* _Task statement_: Give the data below again exactly, and drop each picture from it.

* _Information shown_:
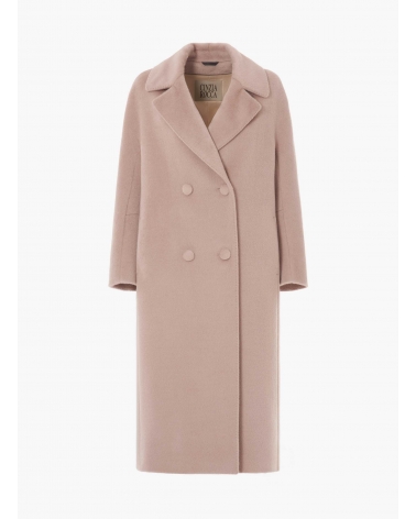 Long double breasted pink coat in alpaca and wool
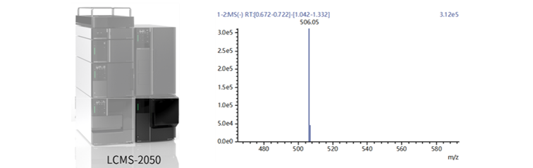 mRNA制备过程中非常重要的一步是将DNA转录为RNA,其中需要用到的原料有三磷酸核苷(NTPs)。岛津通过单四极杆质谱(LCMS-2050)确定不同NTPs分子量,从而对原料进行定性分析。LCMS-2050标配DUIS(ESI+APCI)离子源,质量范围广,兼顾了小型化及高性能。
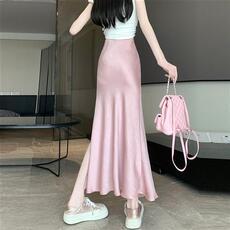 松弛感真丝缎面高腰半身裙女夏季新款丝滑垂感A字长裙包臀鱼尾裙

* _Written response_:
 Long double breasted pink coat in alpaca and wool
 mRNA制备过程中非常重要的一步是将DNA转录为RNA,其中需要用到的原料有三磷酸核苷(NTPs)。岛津通过单四极杆质谱(LCMS-2050)确定不同NTPs分子量,从而对原料进行定性分析。LCMS-2050标配DUIS(ESI+APCI)离子源,质量范围广,兼顾了小型化及高性能。
 松弛感真丝缎面高腰半身裙女夏季新款丝滑垂感A字长裙包臀鱼尾裙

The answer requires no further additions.